Smith has procedurally defaulted all of his claims. Issues one and four have not been presented to the state courts and Smith has presented no explanation for his failure to include them in either his direct appeal or PCRA petition. The record is devoid of any suggestion that Smith was actually prevented from presenting these claims to the state courts, and, further, there is no indication of adverse circumstances that worked to his actual and substantial disadvantage, infecting the entire proceeding with error of constitutional dimensions. Nor has he demonstrated his actual innocence such that a lack of review by the court would constitute a fundamental miscarriage of justice. See McCandless, 172 F.3d at 260.
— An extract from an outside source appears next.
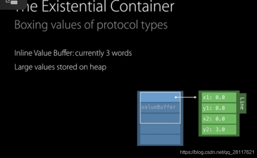3.2.2Existential Container 如上图所示,由于每一个结构体类型的内存大小各不相同,为了保障数组的字节对齐。使用Existential Container的方式把每个struct对象存入数组中,Existential Container前三个valueBuffer用于存放struct的数据,剩余两个分别引用自己的vwt和pwt。需要注意的是如果结构体的属性过多(big value),那么会开辟一块堆区内存,然后valuebuffer对这块内存进行引用。为了管理Existential Container 存放的值,所以引用value-Witness-Table创建内存,初始化以及内存销毁。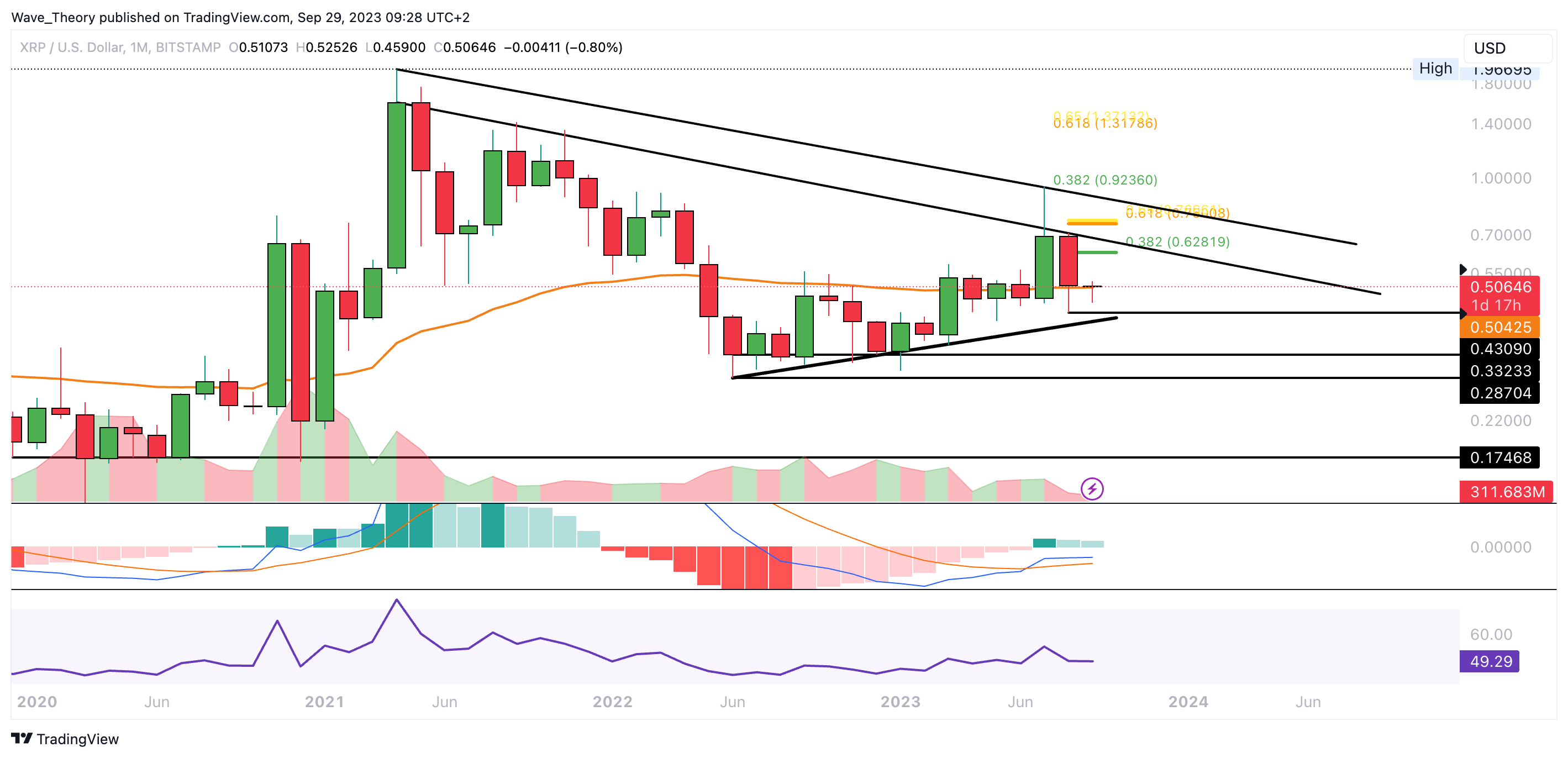 Der Ripple Kurs befindet sich immer noch an der 50-Monate-EMA Unterstützung bei rund 0,50425 USD, woran der Kurs in diesem Monat abzuprallen scheint. Denn bisher konnte sich Ripple tapfer darüber halten.

He further fails to indicate why he did not attempt to include the claims in a second PCRA, an avenue of relief that is no longer available to him as the time period for filing a second PCRA has now expired. See 42 PA. CONS. STAT. § 9545(b)(1) (setting for a one year limitations period). Smith raises no argument, and the record suggests no possibility, that his claims fall within an exception to the limitations period for filing a petition under the PCRA. See 42 PA. CONS. STAT. §9545(b)(1) (permitting petitions to be filed more than one year after judgment if the failure to raise the claim is attributable to government interference, the facts underlying the claim could not have been ascertained previously, or the claim involves rights newly recognized and retroactively applied by the Supreme Court).
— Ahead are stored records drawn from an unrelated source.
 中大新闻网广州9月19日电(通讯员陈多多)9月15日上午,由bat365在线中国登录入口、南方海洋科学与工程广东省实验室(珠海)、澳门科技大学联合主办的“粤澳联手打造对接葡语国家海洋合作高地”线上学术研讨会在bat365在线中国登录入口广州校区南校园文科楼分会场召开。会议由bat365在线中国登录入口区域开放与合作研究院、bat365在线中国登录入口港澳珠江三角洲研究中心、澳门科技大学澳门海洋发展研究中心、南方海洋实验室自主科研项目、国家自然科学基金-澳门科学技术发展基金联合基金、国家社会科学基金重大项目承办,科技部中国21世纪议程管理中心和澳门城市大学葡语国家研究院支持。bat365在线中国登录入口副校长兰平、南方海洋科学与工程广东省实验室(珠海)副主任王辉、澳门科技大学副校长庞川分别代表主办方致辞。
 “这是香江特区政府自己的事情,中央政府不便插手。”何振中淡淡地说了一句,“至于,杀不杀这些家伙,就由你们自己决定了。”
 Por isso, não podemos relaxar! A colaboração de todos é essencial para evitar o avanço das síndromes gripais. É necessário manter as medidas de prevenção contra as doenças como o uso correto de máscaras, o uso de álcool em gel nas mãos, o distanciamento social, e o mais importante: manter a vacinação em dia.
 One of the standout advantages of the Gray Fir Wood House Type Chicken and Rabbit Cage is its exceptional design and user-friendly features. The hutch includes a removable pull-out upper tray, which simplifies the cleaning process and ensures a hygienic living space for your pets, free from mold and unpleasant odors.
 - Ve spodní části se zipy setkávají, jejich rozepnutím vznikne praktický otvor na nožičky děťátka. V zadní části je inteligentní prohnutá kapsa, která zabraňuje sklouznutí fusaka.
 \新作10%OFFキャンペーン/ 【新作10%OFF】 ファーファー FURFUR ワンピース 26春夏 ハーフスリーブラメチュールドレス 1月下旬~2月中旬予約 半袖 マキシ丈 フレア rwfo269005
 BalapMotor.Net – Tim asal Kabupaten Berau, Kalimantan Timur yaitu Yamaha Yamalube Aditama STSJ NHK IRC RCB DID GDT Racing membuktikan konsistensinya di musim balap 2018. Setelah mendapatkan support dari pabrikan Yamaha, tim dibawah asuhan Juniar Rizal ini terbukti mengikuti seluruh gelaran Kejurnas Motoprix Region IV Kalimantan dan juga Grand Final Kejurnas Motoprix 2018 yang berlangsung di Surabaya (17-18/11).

With respect to issues two and three, both of which were included in the PCRA petition, Smith failed to appeal the Pennsylvania Superior Court's denial of PCRA relief to the Supreme Court of Pennsylvania. "Except as otherwise prescribed by this rule, a petition for allowance of appeal shall be filed with the Prothonotary of the Supreme Court within 30 days of the entry of the order of the Superior Court or the Commonwealth Court sought to be reviewed." See PA. R. APP. P. 1113(a). Although he states that he experienced difficulty with the Lycoming County Prothonotary's Office in pursuing a civil action, and that he is engaged in a "running feud" with that office, at no point does he allege that he was unable to file documents with the Prothonotary of either the superior court or supreme court. (Doc. 14, at 2-3.) He has not averred cause for or prejudice by the default. Nor has he demonstrated his actual innocence such that a lack of review by the court would constitute a fundamental miscarriage of justice. See McCandless, 172 F.3d at 260. Consequently, he has procedurally defaulted his claims and is precluded from pursuing federal habeas corpus relief.
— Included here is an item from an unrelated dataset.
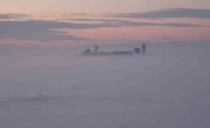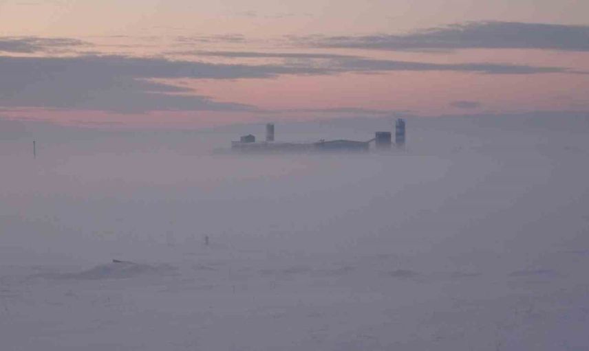 Ovada bulunan fabrika binaları ve kulübeler, sisin üzerinde adeta yüzer gibi görünürken, alt kesimlerin yoğun sisle örtülmesi ve üst bölgelerin gün batımının ışığıyla aydınlanması arasında belirgin bir kontrast oluştu. Bu katmanlı görünüm, sahneye derinlik ve fotoğrafik etki kattı.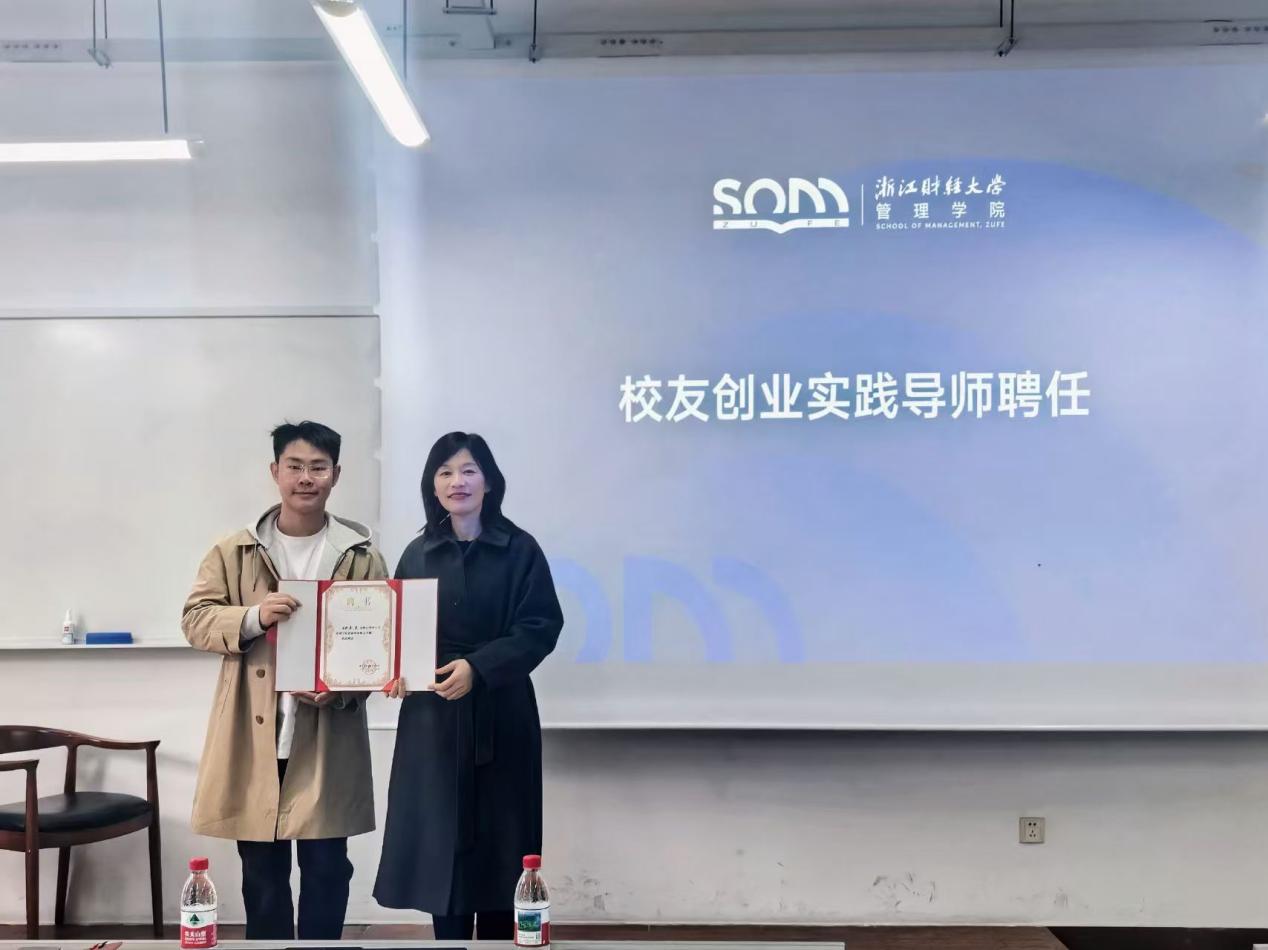 校友创业实践导师——作为在双创领域战绩斐然的优秀学子,余点校友曾斩获中国国际大学生创新大赛国家级金奖,其丰富的参赛经验与扎实的项目孵化能力备受认可。此次聘任既是对余点校友双创成就的高度肯定,更是学院凝聚校友力量、构建“校友传帮带、师生共成长”双创培育生态的关键举措。未来,学院将以此次聘任为纽带,进一步盘活优质校友资源,打造常态化、专业化的双创交流阵地,持续助力学生创新思维提升与孵化项目迭代升级。

Based on the foregoing, the petition for writ of habeas corpus (Doc. 1) will be denied. An appropriate order follows.
AND NOW, this 4th day of August, 2008, upon consideration of the petition for writ of habeas corpus (Doc. 1), and for the reasons set forth in the accompanying memorandum, it is hereby ORDERED that:
1. The petition for writ of habeas corpus (Doc. 1) is DENIED.
2. The Clerk of Court is directed to CLOSE this case.
3. There is no basis for the issuance of a certificate of appealability. See 28 U.S.C. § 2253(c).